Genoa: squadra che vince... si cambia

Come ogni stagione, Gasperini si ritrova con la squadra sfasciata, ma sembra non risentirne, scopriamo il suo Genoa 2015/16

Genoa: squadra che vince... si cambia
Gian Piero Gasperini, 57 anni, dal 2013 tecnico del Genoa

Domenica pomeriggio la Juventus di Allegri, contro il Genoa al Ferraris, dovrà confermare i passi avanti visti contro il City in Coppa. Dimostrando soprattutto di aver superato il periodo buio e quelle difficoltà che hanno condizionato i bianconeri nelle prime tre partite della stagione.

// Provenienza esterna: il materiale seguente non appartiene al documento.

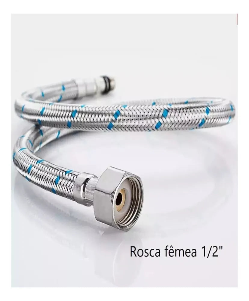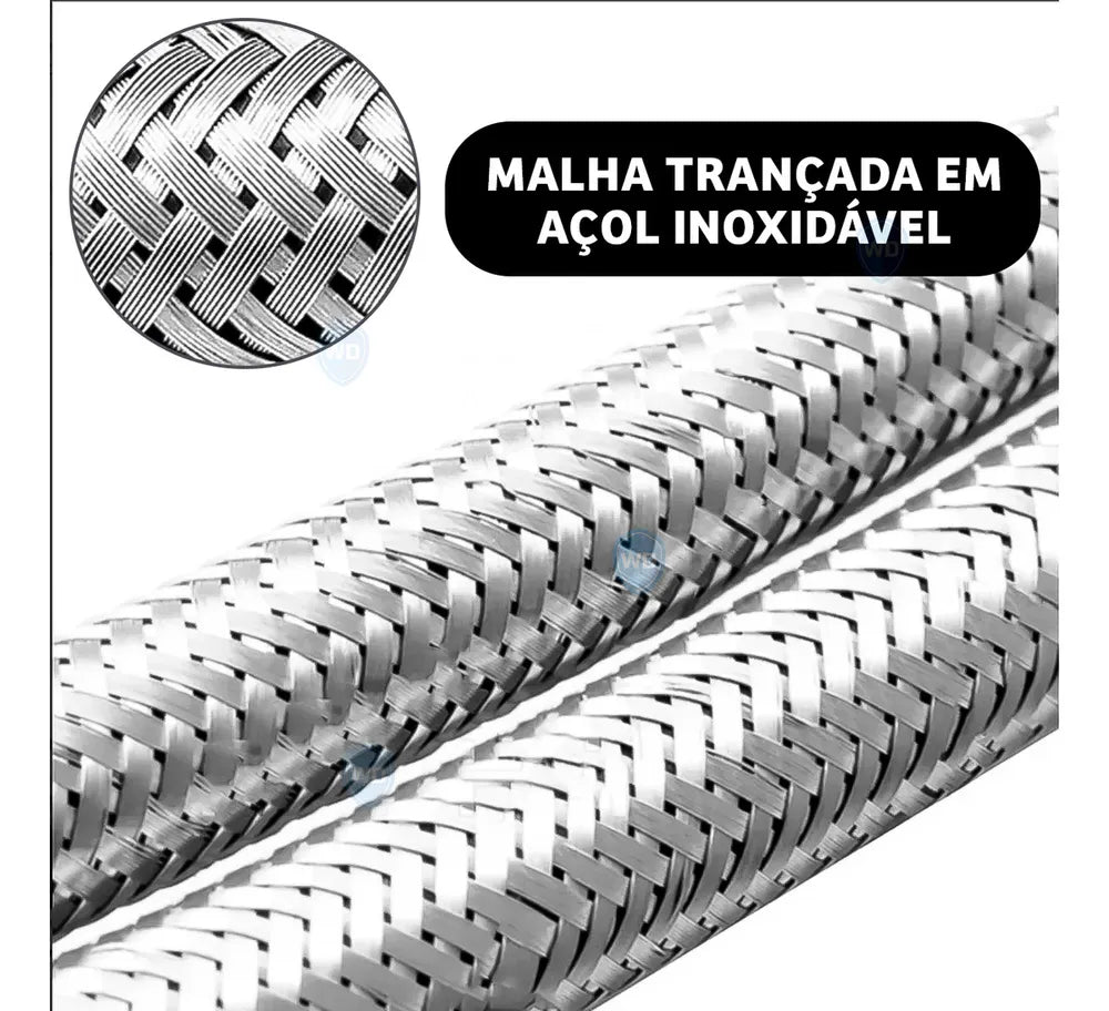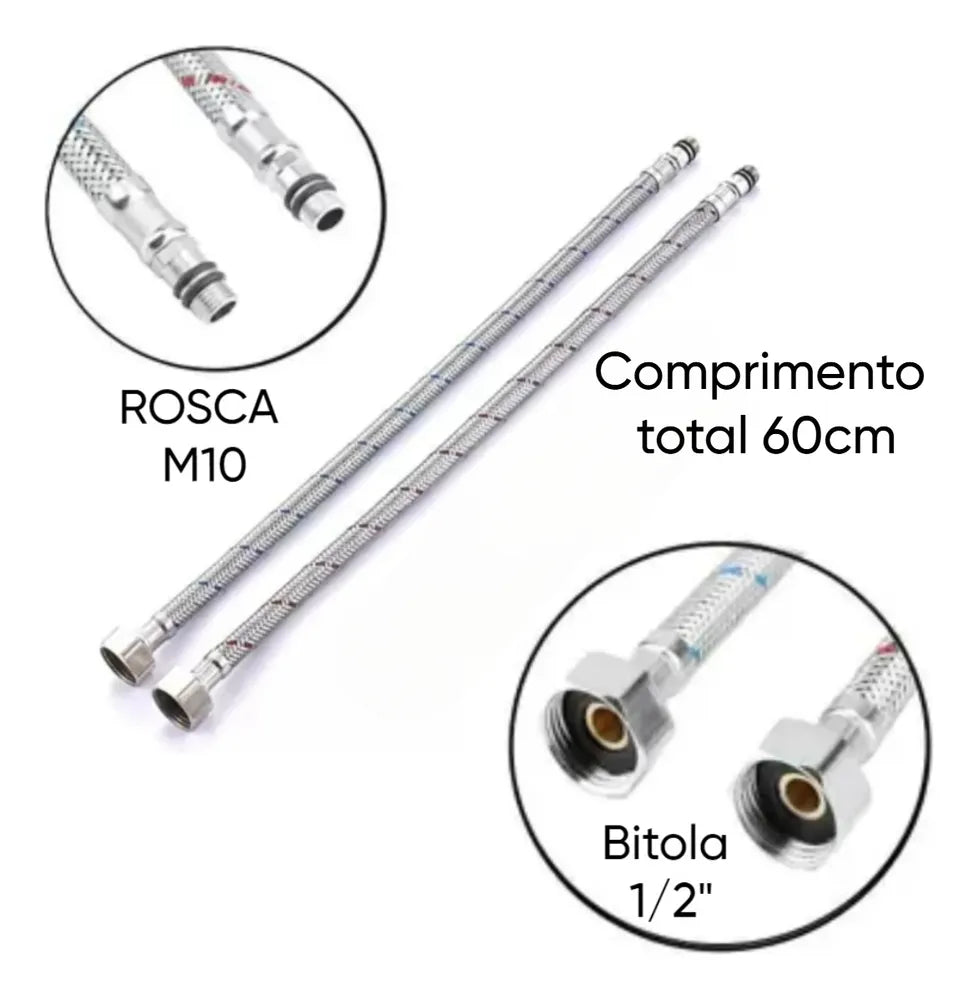 Par Engate Mangueira Flexível Para Torneiras Monocomando Em Aço Inox com 60 cm
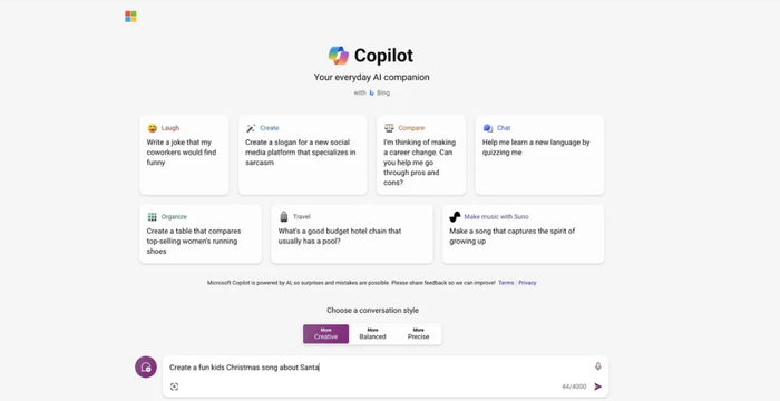 23 年 12 月 20 日推出 Suno 网页版本应用,同时微软旗下 Copilot 集合了 Suno 的功能
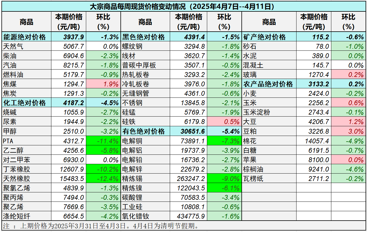 本表所示大宗商品價格(類別與產品規格說明見附表)為以人民幣計價的現貨價格(包含流通費用、利潤和稅費等)。計算這些價格時使用的信息來源,主要包括國內重點地區的生產商、貿易商及下游消費企業之間的成交、詢報盤及可成交價格。價格單位為人民幣元/噸。
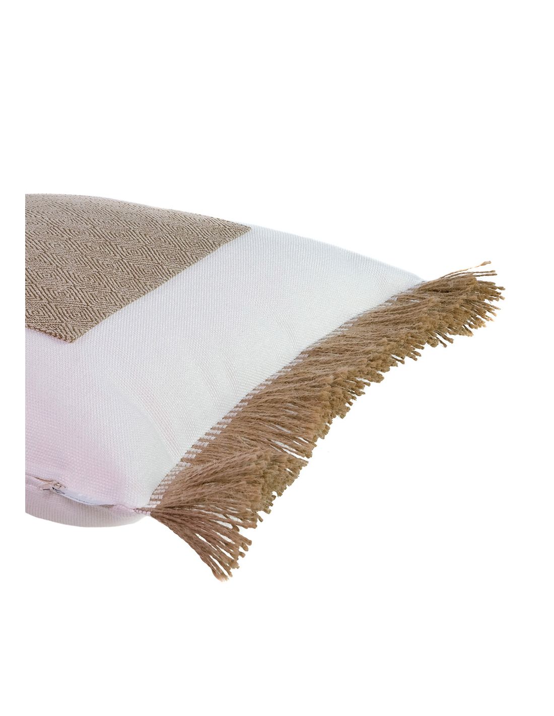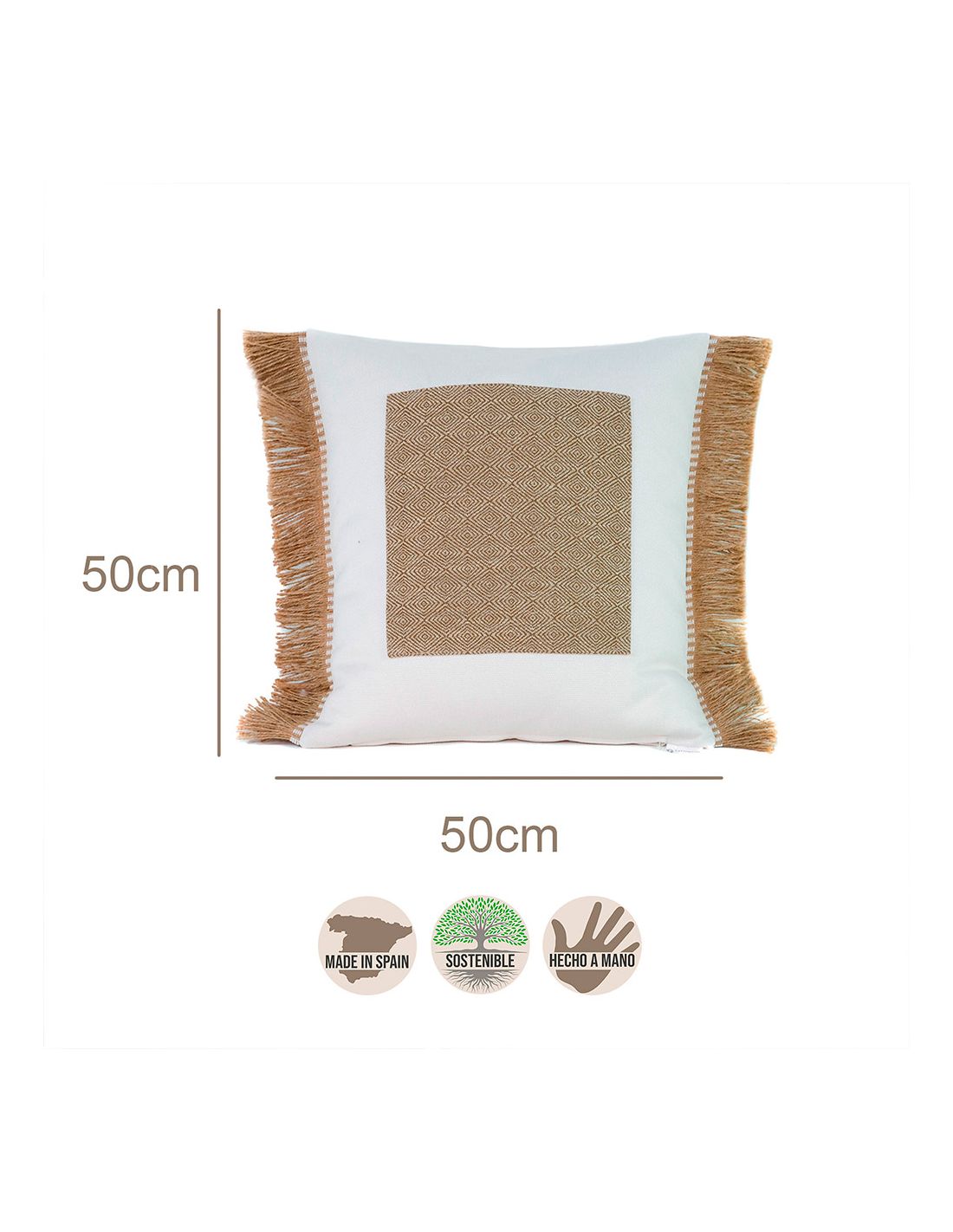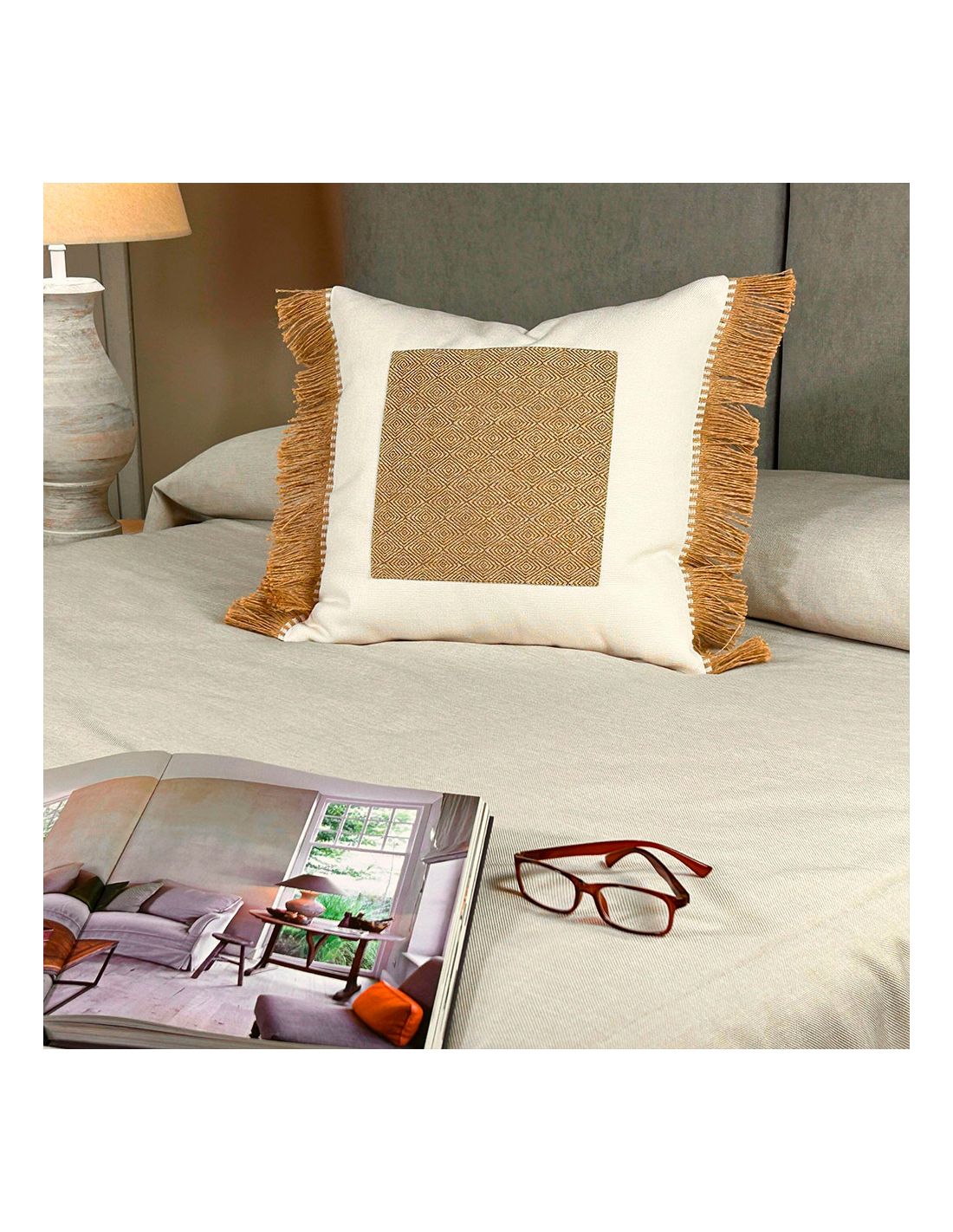 Cojín decorativo beige 50X50 relleno premium incluido centro geométrico camel fleco

Il Genoa viene da una vittoria (in casa per 2-0 contro il Verona) e due sconfitte (entrambe 1-0 fuori casa contro Palermo e Fiorentina), non proprio un inizio esaltante per la banda di Gasperini, ma dopo aver perso diversi titolari durante la sessione estiva di mercato c’era da aspettarselo. Bertolacci, Kucka, Pinilla, Roncaglia, Iago Falque, Edenilson, Niang, questi i giocatori che sono stati ceduti in estate (oltre a molti altri) e che facevano parte molto spesso dell’undici titolare del Gasp. La società però, come ogni anno, si è mossa molto nel mercato e anche abbastanza bene, riuscendo a portare a Genova calciatori di buon livello e con esperienza internazionale, basti pensare a Pandev, Dzemaili, Munoz, Figueiras, Capel ma anche al giovane Ntcham. Il Gasp, come ad ogni inizio di stagione, si ritrova con la squadra della stagione precedente sfasciata e deve ricominciare da zero il processo di unione e rafforzamento del gruppo. Processo inevitabile quando quasi la metà dei titolari viene venduta e devono essere inseriti volti nuovi, ma il tecnico piemontese in questo è un proprio e vero mago. Basta guardare la scorsa stagione in cui è riuscito a portare i rossoblù ad un passo dall’Europa, poi sfumata per le solite questioni extracalcistiche.

Come dicevamo, le prime tre giornate di campionato non sono state esaltanti per quanto riguarda il risultato, ma comunque le sconfitte che sono arrivate sono di misura (1-0 entrambe), di cui quella contro il Palermo solo al 91esimo. Le note positive vengono dal gioco espresso, infatti il Genoa in tutte e tre le partite è stato in campo molto bene, cercando di imporre il proprio ritmo e di fare la partita, cosa che si è vista anche con la Fiorentina. In quella partita però i rossoblù hanno sofferto i cross dalle fasce e le palle inattive ma soprattutto non sono riusciti a pareggiare nonostante la superiorità numerica. Gasperini in queste prime tre giornate ha sistemato i suoi con il solito 3-4-3 o 3-4-1-2 con il giovane Ntcham alle spalle di Pandev e uno tra Gakpè o Capel. A centrocampo, dopo gli addii di Kucka e Bertolacci, si sono presi la maglia da titolare Rincon e Tino Costa, i due sudamericani costituiscono una coppia di indubbio valore sia tecnico che tattico. Entrambi sono molto abili nel recuperare palloni e nel fare ripartire la manovra, con Costa dotato anche di un ottimo tiro dalla distanza. Sulle fasce il Gasp, in tutte le partite finora disputate, ha impiegato Laxalt a sinistra (lui mancino) e Cissokho a destra, giocatori che si sono dimostrati all’altezza del ruolo per niente facile, soprattutto l’uruguagio che nasce centrocampista e non è abituato a giocare con questo modulo. Per quanto riguarda la difesa, il Gasp non ha apportato grandi stravolgimenti rispetto alla stagione passata. Infatti al fianco di De Maio e Burdisso, dopo l’addio di Roncaglia, si è aggiunto Armando Izzo, classe ’92, difensore dai piedi educati che non disdegna l’impostazione. Dunque questo Genoa potrebbe essere una vera e propria insidia per i bianconeri, che sicuramente ricorderanno la partita al Ferraris della scorsa stagione. Gol di Antonini al 94esimo e Juve tornata a Torino con zero punti.

Quella di domenica sarà, senza dubbio, una partita molto interessante. Il Genoa vuole continuare a vincere davanti al proprio pubblico, ma soprattutto vuole confermare il risultato dello scorso anno. La Juventus vuole vendicare quella partita e riprendere la corsa scudetto. Ne vedremo delle belle.